Those are listed for cats.
They sell Natures menu's BARF dog food too, but they may be to high in rice as they all contain 13% of brown rice.

They also sell a brand named Wolfsfreund. These are for dog and, as you said are higher in vegetables, but also fruit. There is a lot of choice but the percentages are not complete as they state they use hemp and fish oil, without further information.
Type 1: Frozen horse meat (at least 35%) with lettuce with corn (6%), radicchio (red chicory according to google translate, % unknown), carrots (maybe 6%?), peaches (3%), strawberries (3%) and blueberries (% unknown).
Type 2: Frozen beef meat (at least 25% meat and at least 17% tripe) with endive (6%), zucchini (6%), carrots (6%), apple (3%), banana (3%) and coconut (% unknown).
Type 3: Frozen beef meat (at least 25% meat and at least 17% tripe) with lettuce with corn (6%), chicory (6%), carrots (maybe 6%?), peaches (3%), strawberries (3%) and blueberries (% unknown).
Type 4: pretty close to type 2 except for chicken (at least 40%, from the product description I understand that there are chicken bones as well) instead of beef.
Type 5: pretty close to type 3 except for chicken (at least 40%, from the product description I understand that there are chicken bones as well) instead of beef.


----------



## Draenog (Feb 27, 2012)

Not pooping everyday doesn't need to be a bad thing, as long as he isn't congested. It is in fact normal for them to poop less if they're on a (mainly) raw diet. Most kibble is full of (useless) fillers, they poop way more on a kibble diet. So lots of poop doesnt mean his digestive system improved.
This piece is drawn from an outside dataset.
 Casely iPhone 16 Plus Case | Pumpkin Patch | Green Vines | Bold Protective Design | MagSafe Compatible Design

Edit: just meat isn't a proper diet for a hedgehog like Lilysmommy said, adding more fibre to the diet (preferably by adding more insects and some veg) is important. They need pretty high fibre (kibble is way too low in fibre for hedgehogs).


----------



## Lilysmommy (Jan 7, 2009)

Good point, Draenog! And I would definitely go with the dog ones, if it were me. I disagree with the thought that dogs need to have things besides meat in their diet, but I think the diet used for them that includes fruit and veggies is more appropriate for hedgehogs than the diets for cats, which are obligate carnivores. I think with the dog ones, if you supplemented insects, you wouldn't have to worry nearly as much about giving fresh/frozen veggies in addition, which would be easier on you both.


----------



## Draenog (Feb 27, 2012)

If you're going for BARF or similar I'd make sure you get ones that contain muscle meat, organ meat & ground bones (just meat as we'd eat it isn't as complete). I use both cat, ferret and dog versions.


----------



## Barbara811 (Sep 2, 2015)

That's why I'm pretty concerned about Wolfsfreund. It's all "at least", without any further information. I'm concerned about the corn too. Won't it upset his intestine?
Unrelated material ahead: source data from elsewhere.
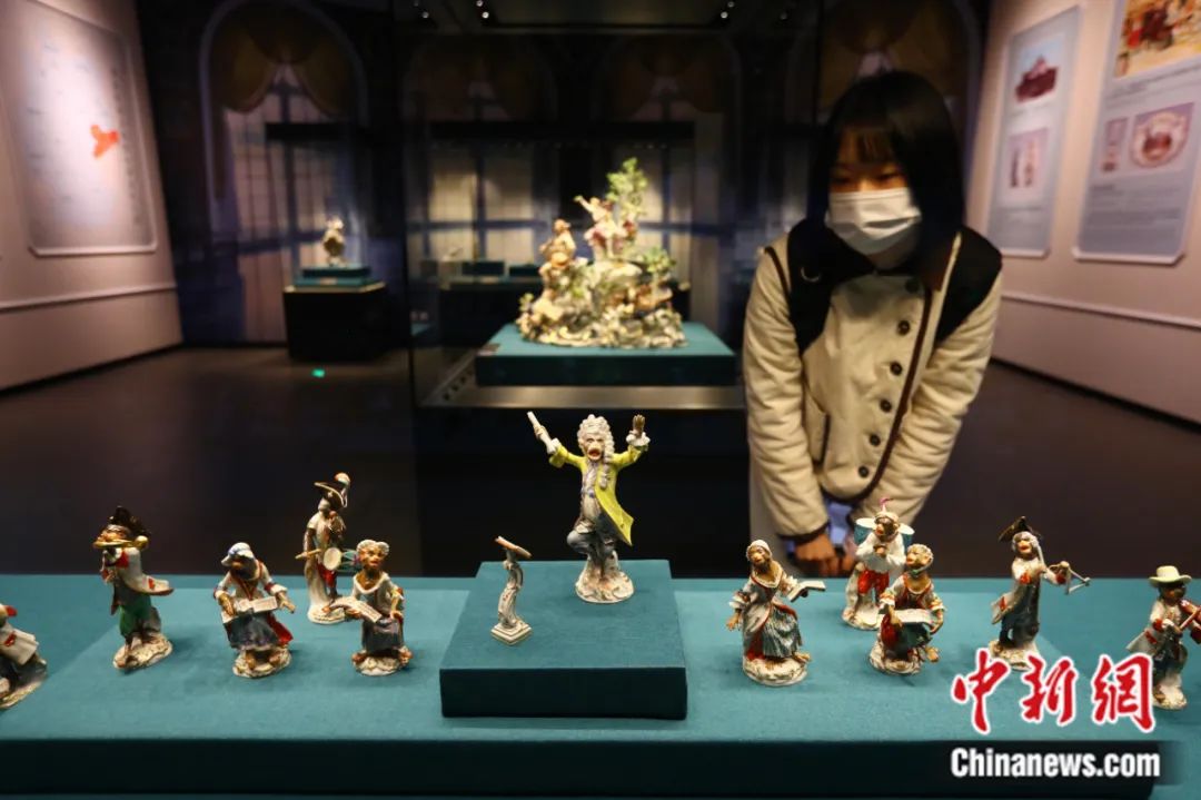 2021年1月15日,在江西省博物館新館展出的“白色金子·東西瓷都——從景德鎮到梅森瓷器大展”吸引參觀者。展覽講述了中國景德鎮、德國梅森兩個瓷器發源地,再現瓷器發展歷程和中國瓷器對世界的影響。劉占昆 攝
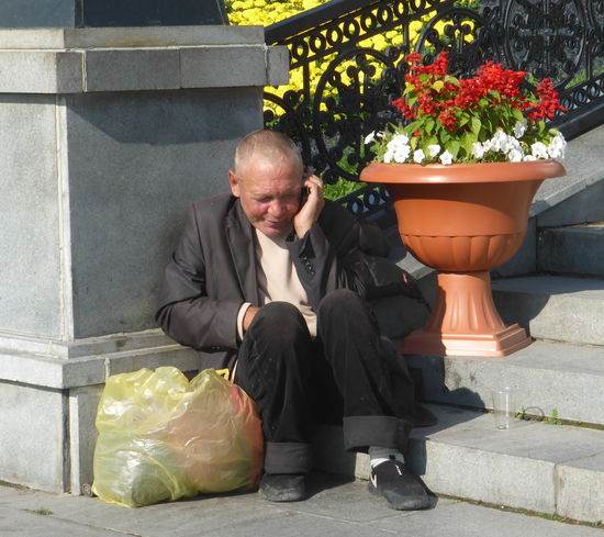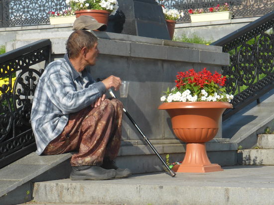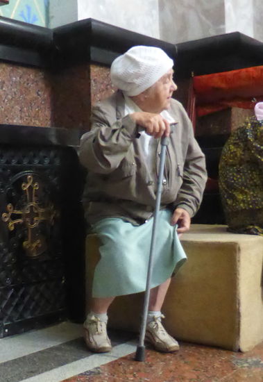 Um und in die Kirche verteilen sich zahlreiche ärmlich gekleidete Personen, die vereinzelt betteln.
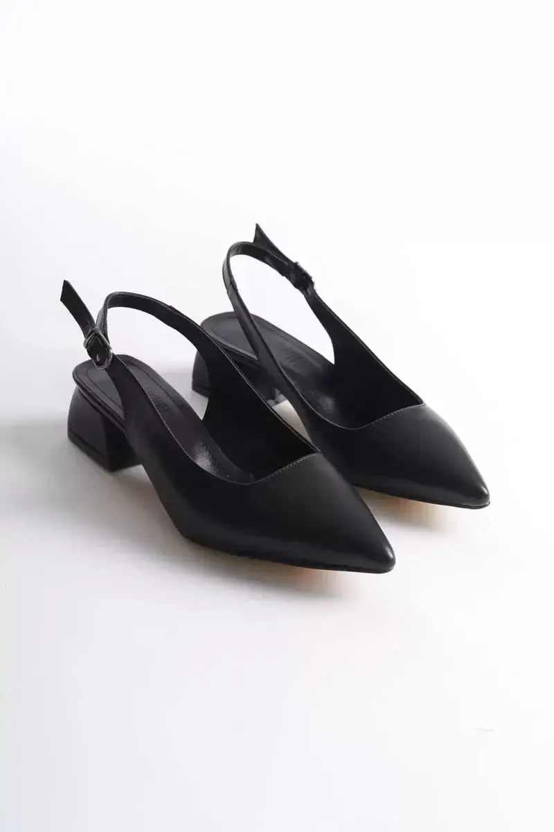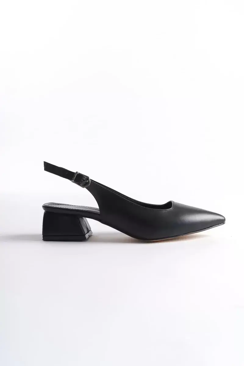 Sivri burun formu ile ayağa zarif ve ince bir siluet kazandırırken, açık arka tasarımı ve bilek bant detayı hafiflik ve konfor sağlar. Kısa topuk yapısı ise gün boyu rahat kullanım sunarken şıklığınızdan ödün vermez.

Draenog, do you feed your hedgehog on kibble? Or just BARF + worms? Regarding the fibers, I'm already feeding him on live worms and crickets  . I'm thinking about buying him honeycomb moth as a treat too! Can't wait! 

So... I think Castagna is a little overweight. Somewhere else I read, if I remember well, that food should be 20% (maybe 10%???) of hedgehog's weight. So for Castagna should be like 98gr. Definitely too much. Maybe 20gr of BARF, 20 worms, some kibble? More raw food, no kibble at all? He is a lazy boy, so it seems that every month he gains about 10 grams. Now Castagna weights 480 grams.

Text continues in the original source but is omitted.